Sunday, June 08, 2008

on travels, and writing.

i'll be traveling for the next two weeks (more or less) [0]:

ann arbor → chicago → san francisco → las vegas → ann arbor;

some of it is business, some of it pleasure.
actually, most of it pleasure. (:

yesterday i debated whether to bring my laptop with me.

i tried to think objectively about how heavily it actually is, including the power adapter.

i thought about how much work i would actually do, as opposed to surfing the net, writing emails that can wait ..

.. and of course, blogging. q:

i made up my mind today: it's coming with me.

to save space, i won't bring any fancy shoes, and i'll wear running shoes for the whole time. we mathematicians aren't the sort to dress up, anyway.



as for why i'm bringing prospero [1] along, the answer is simple. the writing isn't going too badly. i've hit a good spot and i'd rather not stop.

looking at my thesis now, it's gory and too long and there are too many details. also, i'm too wordy.

now, i get a second chance to fix all of that.
i can write something shorter and better and to the point.

appropriate or not, i think i see how everything fits together now, how it all happens. i think i see the whole story.

before, my proofs were piecemeal and i wrote what i could, much like how a friend will get off the train and readily tell you his impressions of the trip he just took. sometimes it is too much, other times he almost skips entire days or weeks.
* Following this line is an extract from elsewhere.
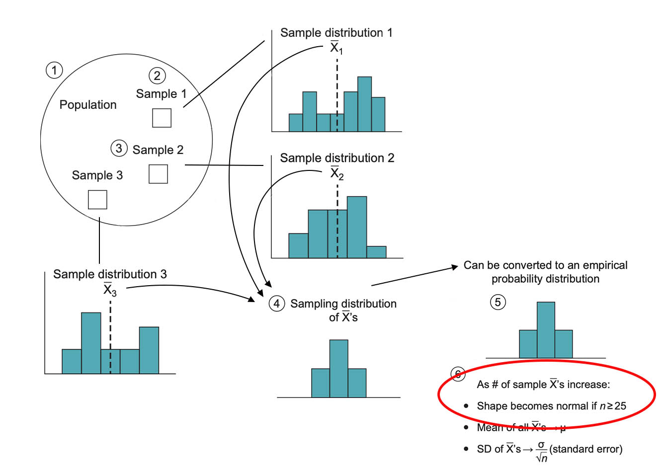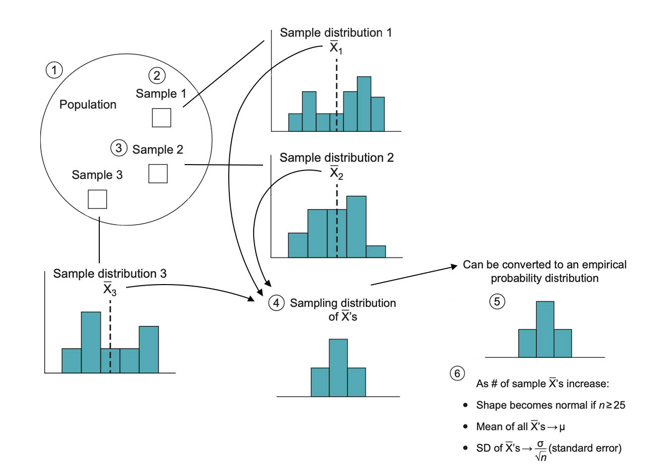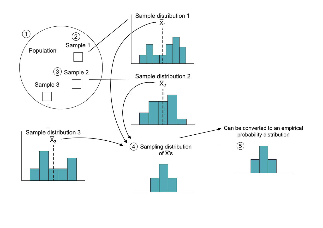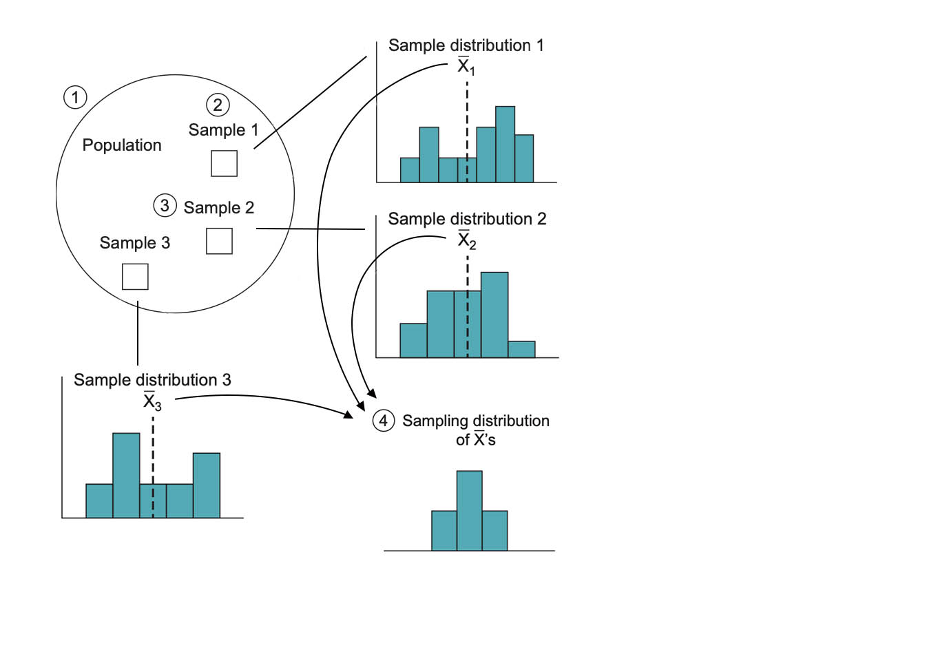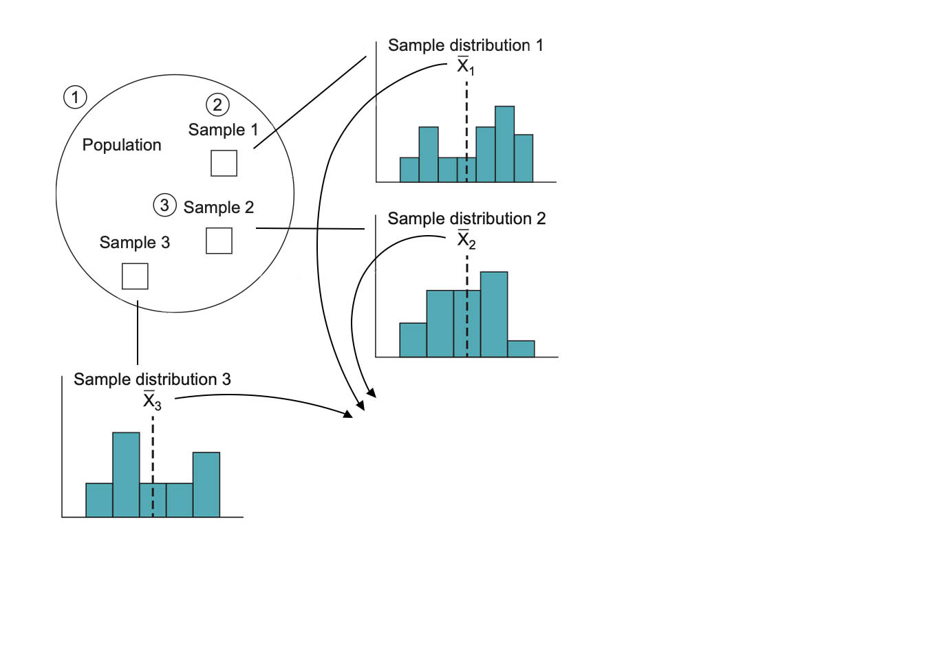 The researcher draws repeated samples: 1, 2, 3
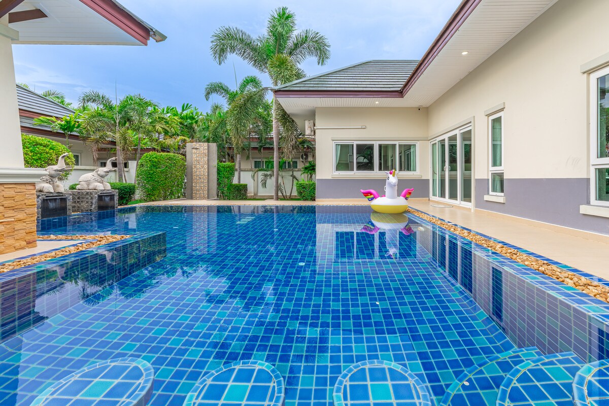 亲爱的房客朋友,您好! ①探索别墅,这是一个令人惊叹的角落房源,拥有3间装饰精美的卧室,风格奢华。 享受宽敞的生活。 这栋别墅距离迷人的海滩和当地景点仅几分钟路程,是家庭和朋友的理想度假胜地。 配备空调、烧烤区、无线网络等便利设施。 ②我们的房源位于许多景点的中心地带!距离以下列表仅5分钟路程: -赛凯海滩( Sai Kaew Beach ) - Legend Siam -邦萨尔海滩 -哥伦比亚水上乐园 -邦萨尔( Bang Sare )生鲜市场 -东芭乐园( Nong Nooch Tropical Garden ) -班安菲海滩( Ban Amphoe Beach ) - Khao Chi Chan -银湖葡萄园( Silverlake Vineyard ) - Upside Down House -距离Jomtien海滩20分钟车程 ③别墅出行方便,生活便利,安静舒适,能容纳6人聚餐,超大客厅餐厅,管家24小时免费贴心服务 ④有偿服务 曼谷芭提雅接送机、各大秀场门票优惠预定、高端定制、租车、包车、包船、翻译、地陪向导、厨师等。

i think i can tell the story well, now.

i have no illusions about my travels and my work time. there will be very little.

i'm content with working on a 5-hour train ride,
between flights on the west coast,
in the mornings before my family -- after long-winded deliberations -- makes plans for the day.

believe it or not, i feel like writing. perhaps not right now and not every minute of every single day, but yesterday and today i wrote, and tomorrow i want to write some more.

[0] so, caveat emptor: i mightn't be updating this blog as often as in recent time.

[1] i must have mentioned this before: prospero is the name of my laptop. my last laptop was named arielle, and my last computer -- a desktop that kept crashing -- was named caliban.

Friday, June 06, 2008

goals and dares.

i think i have been lazy for too long. since last week tuesday i have not been working diligently -- perhaps i spend some few hours working, each day, but those are negligible.

i might as well be recalling what i did the day before, plan a little more, but not get my hands dirty at all. that's no way to work.



the weekend nears, and after that there is a conference. after that, i see my family for 1.5 weeks. so there are only a few days left in ann arbor, where i have complete freedom to work as i like.

so i've squandered a week and some days.
i guess that's not much, but it's led to this.

what can i do in a weekend? i want to write a paper ..no, two papers.. and what could i accomplish in two days? i want to think about a joint project, ponder the subtleties, and how can i get into a groove, in two short days?



but there's the fallacy, you see: the illusion that your goal is too big to fit in such a small window of time. sure, it looks hopeless ..

.. until you realise that goals are never atomic.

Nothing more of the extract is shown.